### SOURCE INFORMATION
/---
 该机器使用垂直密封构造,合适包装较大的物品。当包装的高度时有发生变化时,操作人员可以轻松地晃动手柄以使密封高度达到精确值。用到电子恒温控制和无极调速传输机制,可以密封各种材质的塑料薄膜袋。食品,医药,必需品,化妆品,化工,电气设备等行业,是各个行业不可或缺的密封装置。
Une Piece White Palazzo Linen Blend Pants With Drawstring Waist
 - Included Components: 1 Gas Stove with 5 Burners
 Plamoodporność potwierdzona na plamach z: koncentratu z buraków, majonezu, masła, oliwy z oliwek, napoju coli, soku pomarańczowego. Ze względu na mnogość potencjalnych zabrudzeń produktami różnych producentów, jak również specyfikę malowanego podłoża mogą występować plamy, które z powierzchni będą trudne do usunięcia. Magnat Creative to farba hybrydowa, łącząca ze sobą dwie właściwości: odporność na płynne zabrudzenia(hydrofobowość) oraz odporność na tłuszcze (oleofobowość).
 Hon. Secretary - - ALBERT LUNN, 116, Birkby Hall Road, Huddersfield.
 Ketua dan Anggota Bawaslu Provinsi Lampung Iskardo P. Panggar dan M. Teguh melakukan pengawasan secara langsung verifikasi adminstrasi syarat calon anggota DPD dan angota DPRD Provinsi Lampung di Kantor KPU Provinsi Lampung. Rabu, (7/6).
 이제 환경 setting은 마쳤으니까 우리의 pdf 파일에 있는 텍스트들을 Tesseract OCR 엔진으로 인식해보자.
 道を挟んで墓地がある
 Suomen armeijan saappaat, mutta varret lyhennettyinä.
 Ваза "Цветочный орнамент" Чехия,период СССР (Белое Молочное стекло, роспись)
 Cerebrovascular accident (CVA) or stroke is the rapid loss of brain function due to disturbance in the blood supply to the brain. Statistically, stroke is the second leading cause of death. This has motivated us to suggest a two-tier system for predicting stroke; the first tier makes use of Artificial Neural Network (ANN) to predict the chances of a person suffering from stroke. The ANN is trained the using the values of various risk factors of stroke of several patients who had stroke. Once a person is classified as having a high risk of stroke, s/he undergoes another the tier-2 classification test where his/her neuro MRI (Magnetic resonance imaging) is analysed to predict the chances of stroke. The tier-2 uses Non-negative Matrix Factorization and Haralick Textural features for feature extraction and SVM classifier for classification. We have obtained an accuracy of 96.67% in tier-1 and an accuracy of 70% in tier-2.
\---
### WHAT TO PRODUCE
Repeat exactly, please, each line from the beginning of the data through the line with "Hon. Secretary - - ALBERT" in it, and only those lines.

### THE COMPLETED TASK
 该机器使用垂直密封构造,合适包装较大的物品。当包装的高度时有发生变化时,操作人员可以轻松地晃动手柄以使密封高度达到精确值。用到电子恒温控制和无极调速传输机制,可以密封各种材质的塑料薄膜袋。食品,医药,必需品,化妆品,化工,电气设备等行业,是各个行业不可或缺的密封装置。
Une Piece White Palazzo Linen Blend Pants With Drawstring Waist
 - Included Components: 1 Gas Stove with 5 Burners
 Plamoodporność potwierdzona na plamach z: koncentratu z buraków, majonezu, masła, oliwy z oliwek, napoju coli, soku pomarańczowego. Ze względu na mnogość potencjalnych zabrudzeń produktami różnych producentów, jak również specyfikę malowanego podłoża mogą występować plamy, które z powierzchni będą trudne do usunięcia. Magnat Creative to farba hybrydowa, łącząca ze sobą dwie właściwości: odporność na płynne zabrudzenia(hydrofobowość) oraz odporność na tłuszcze (oleofobowość).
 Hon. Secretary - - ALBERT LUNN, 116, Birkby Hall Road, Huddersfield.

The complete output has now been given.